Korean super app Toss is weighing a custom Layer 1 or Layer 2 blockchain and native token to power its “Money 3.0” stablecoin push as Seoul finalizes a strict digital asset law.

Summary

  • South Korean fintech super app Toss is exploring a proprietary blockchain network and native cryptocurrency as part of its “Money 3.0” strategy.
  • The firm has not yet chosen between a Layer 1 mainnet or a Layer 2 scaling design, with the decision closely tied to Seoul’s forthcoming Basic Law on Digital Assets.
  • The move would deepen Toss’s push into stablecoins and tokenized finance, as the company posts record revenue of about $1.8 billion and prepares for possible overseas expansion.

South Korean payment and banking giant Toss is considering building its own blockchain network and issuing a native cryptocurrency, a move that would extend the super app’s stablecoin and Web3 ambitions into a full-stack digital asset platform, according to reporting from The Block. People familiar with internal discussions told Crypto In America that Toss is weighing whether to launch on a standalone Layer 1 mainnet or pursue a Layer 2 scaling approach, with no final decision yet taken. Insiders added that the architectural choice is being shaped by the progress of South Korea’s Basic Law on Digital Assets, a landmark bill expected to codify rules for token issuance, stablecoins, and crypto ETFs.

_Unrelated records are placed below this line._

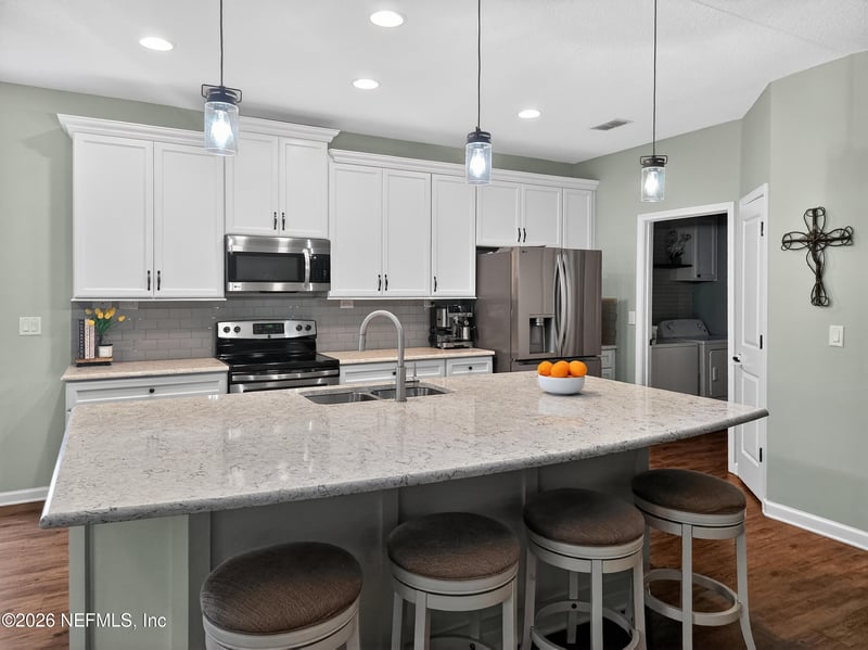 Listing details for 3824 Hammock Bluff Dr, Jacksonville, FL 32226 : Rare Preserve-View Sanctuary on a Private Cul-De-Sac Escape the standard suburban feel with this stunning 2017-built, 4-bedroom, 2.5-bath home plus flex space. Positioned on a quiet cul-de-sac in the sought-after North Hammock community, this home offers a level of privacy and tranquility rare for the 32226 area. The Interior: The bright, open floor plan features a versatile front flex room--ideal for an office, playroom or dining. The heart of the home is a chef-ready kitchen boasting premium Quartz countertops, a large island, and stainless appliances flowing into the living area anchored by a cozy wood-burning fireplace. Retreat to the primary suite with a large walk-in closet and a bathroom featuring a soaking tub and separate shower. The Outdoors: Step through the sliders to a private retreat backing onto a lush, protected preserve. Enjoy a screened-in lanai and a fully fenced-in backyard featuring professional upgrades, including an expansive paver walkway and custom fire pit area with zero rear neighbors. Key Features: -Premium Lot: Cul-de-sac location with total privacy. -Financial Advantage: Low HOA & NO CDD FEES. -Prime Location: Minutes from River City Marketplace & JAX Airport. Seller is happy to work with buyer agents; contact for details regarding concessions. Pre-approval/POF required for all showings.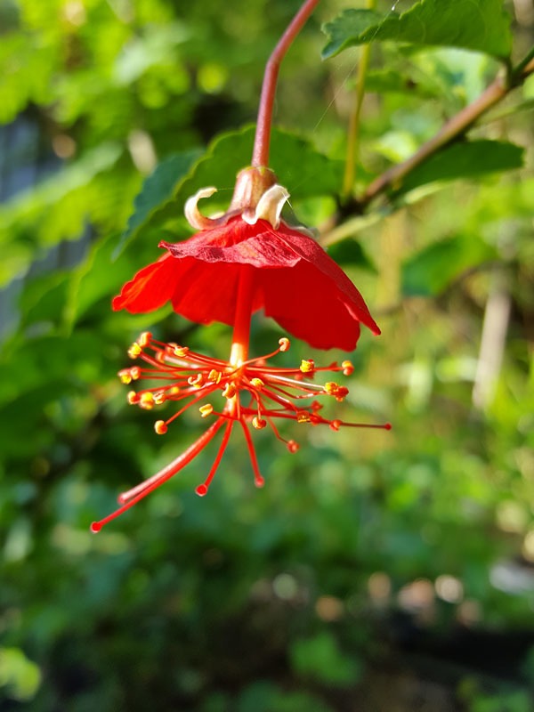Chinese Lantern Hibiscus is truly in a class of its own. The airy, pendant red flowers are unlike any other hibiscus — each bloom features deeply lobed petals that curl dramatically back toward the stem, creating a delicate, almost lacy silhouette. From the center, a long stamen extends nearly two inches, adding even more sculptural flair.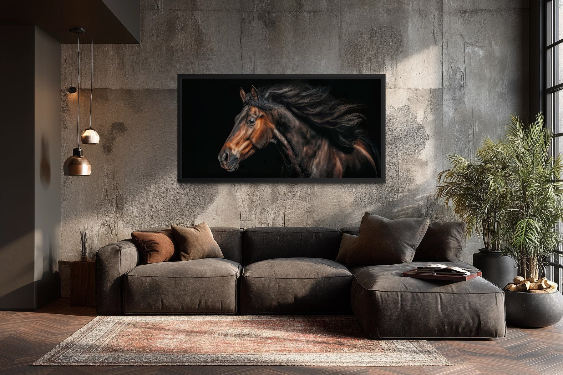 The color palette of this framed wall decor blends natural richness with dramatic contrast, creating an atmosphere of warmth and depth. Shades of deep brown and chestnut dominate the composition, enhanced by soft gradients of amber and bronze that capture the sheen of the horse’s coat under gentle light. The background consists of textured black and charcoal tones, adding intensity and focus to the central subject while creating a sense of quiet power. Subtle touches of warm gray and muted beige provide balance, preventing the darker tones from overwhelming the viewer. The earthy palette evokes both nature and refinement, making it perfect for interiors that lean toward rustic, Western, or modern-industrial themes. The interplay of light and shadow adds dimension, producing a moody yet sophisticated tone that adapts beautifully to changing light throughout the day. Each color transition is meticulously printed to preserve the original painting’s nuance, from the horse’s golden highlights to the deep reflections in its eyes. The harmonious mix of warm and dark hues radiates comfort while maintaining a strong visual presence. This carefully controlled palette ensures that the artwork stands out without clashing with other decor elements. The result is a timeless, balanced composition that enriches any wall with understated drama and enduring charm through this brown horse wall art.
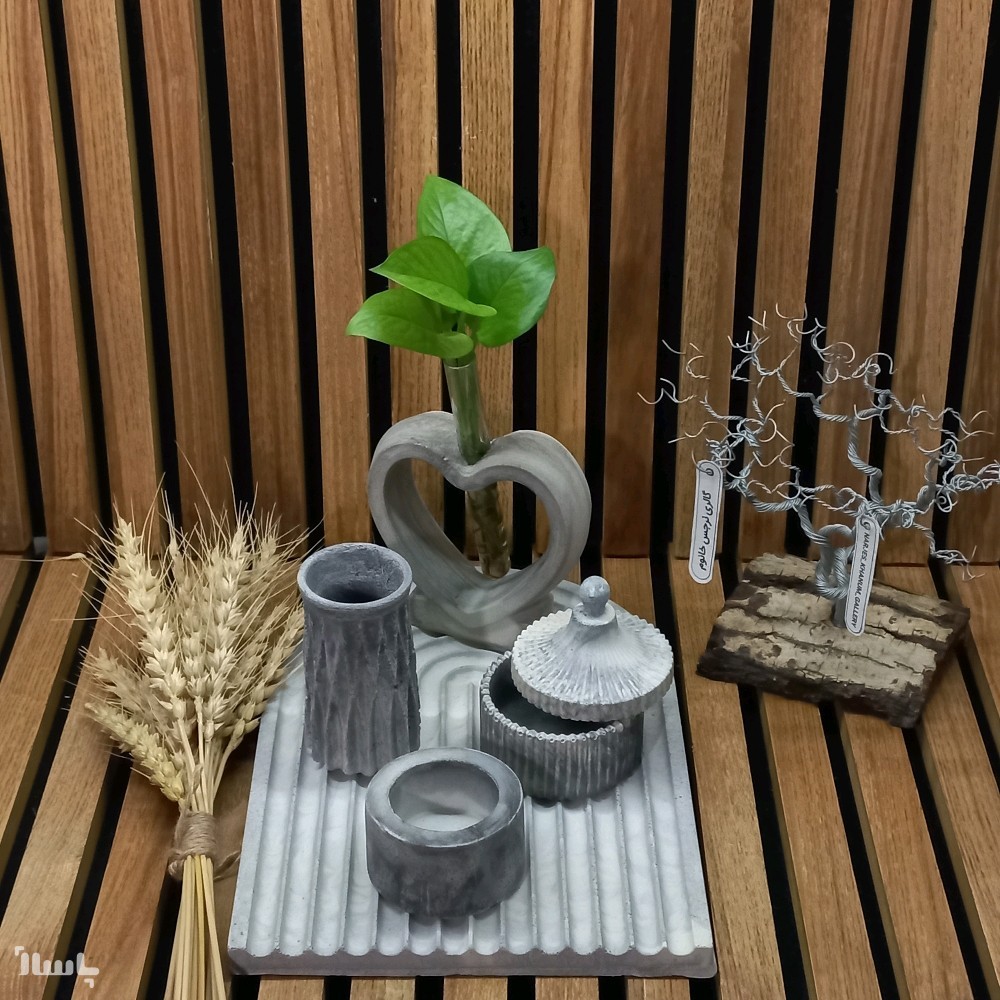 ست سنگی زیبابه همراه گلدان قابل سفارش در رنگهای دلخواه وتغییر سینی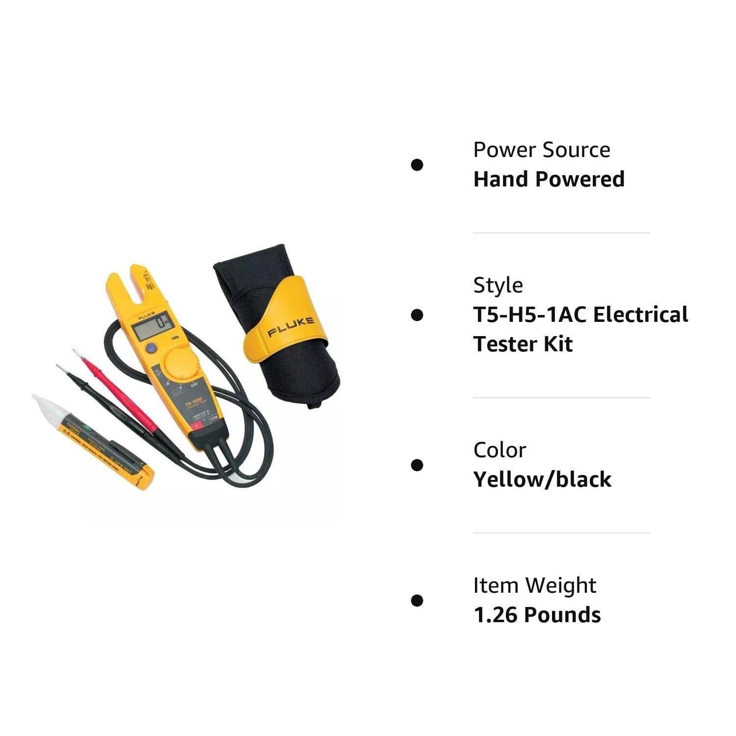 3 piece kit with a voltage, continuity, and current tester (fluke t5 1000); A non contact voltage detector (fluke 1AC II) and a holster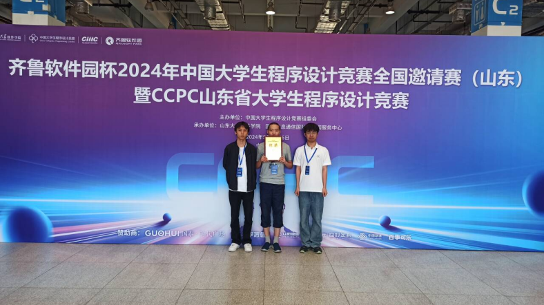 2024年5月25日至26日,由ACM协会派出的贾锐哲、熊子豪、魏翔三名同学组成的队伍“线段树维护图上DP网络流自动机”参加了2024年CCPC全国邀请赛(山东)暨山东省大学生程序设计竞赛。经过5个小时的角逐,三人最终以7题、团队总排名89,学校总排名62的成绩获得银牌。这也是我校在ICPC及CCPC系列赛事中取得的最好成绩。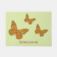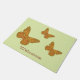 Henna brown lines filled with bright pink, green, yellow, and orange, inspired by the vibrantly coloured saris of India, create mehndi patterns across the wings of this monarch butterfly. Customize the text on this door mat to create a personalized decoration for your entryway.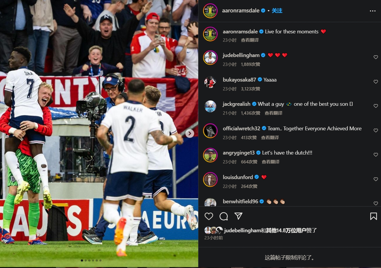 拉姆斯代尔社媒晒图庆祝英格兰晋级四强:为这些时刻而活❤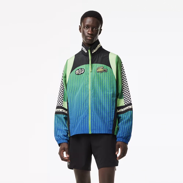 Break out of your comfort zone in this bright, bold track jacket. Simply timeless. Simply Lacoste. The model is 6'1"" and is wearing size M.• Short cut• High neck, zip closure• Print on back, collar and sleeves• Mesh inner pocket with snap closure• Crocodile on sleeve, badges on chest• Shell: Polyester (100%) / Lining: Polyester (100%)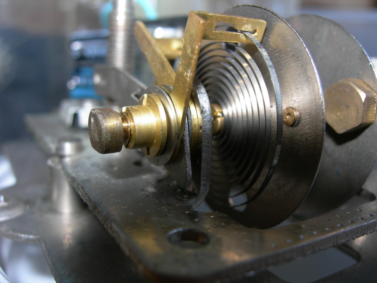 Остроту кончика оси баланса я не проверял, побоялся тогда снимать и расшплинтовывать спираль, смазал ось баланса приборным маслом и наверное щедро. Могла и старая грязь остаться в конусе регулировочного винта, т.к. мыл механизм шприцем со спиртом. Часы уже уехали обратно к родственнице, исправить эти недостатки уже не могу.
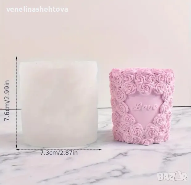 "Love" сърце рози Силиконов молд форма Свети Валентин свещи гипс сапун → Обява 48325111
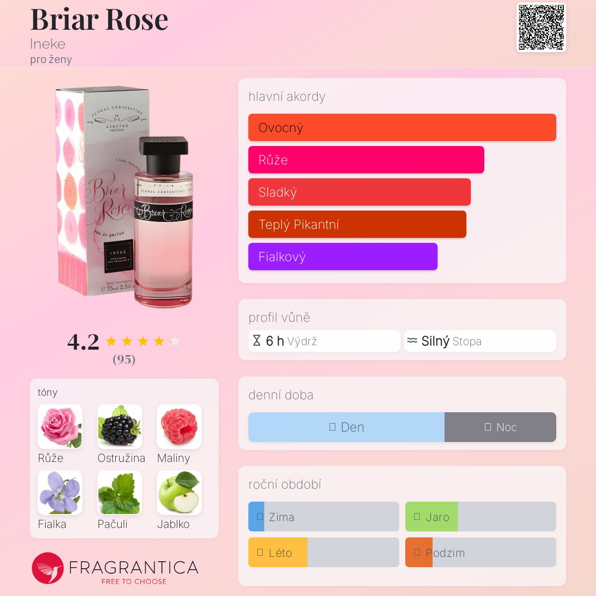 Briar Rose podle Ineke je Floral Fruity vůně pro ženy. Briar Rose byl/a uveden/a v roce 2011. "Nosem" za touto vůní je Ineke Ruhland. Vrchní tóny jsou Ostružina, Maliny a Zelené jablko; střední tóny jsouRůže, Fialka, Skořice, Hřebíček a Kardamom ; základní tóny jsou Pačuli, Vanilka, Kakaový lusk a Hořká mandle.

Toss, operated by Viva Republica, has rapidly grown from a mobile transfers app into a dominant financial super app with more than 30 million registered users and around 24 million monthly active users as of 2024, offering some 290 services from payments to trading and lending. The Korea Herald reports that Toss generated revenue of roughly $1.8 billion in 2025, up 38% year-on-year, while operating profit surged 270.3% to about $251 million and net profit jumped 846.7% to roughly $151 million. At the 2026 Seoul Blockchain Meetup, Toss corporate development director Seo Chang‑whoon said the company is “moving toward a new ‘Money 3.0’ era centered on blockchain and stablecoins,” outlining a vision in which programmable money makes finance “universal, programmable, verifiable, composable and seamless.”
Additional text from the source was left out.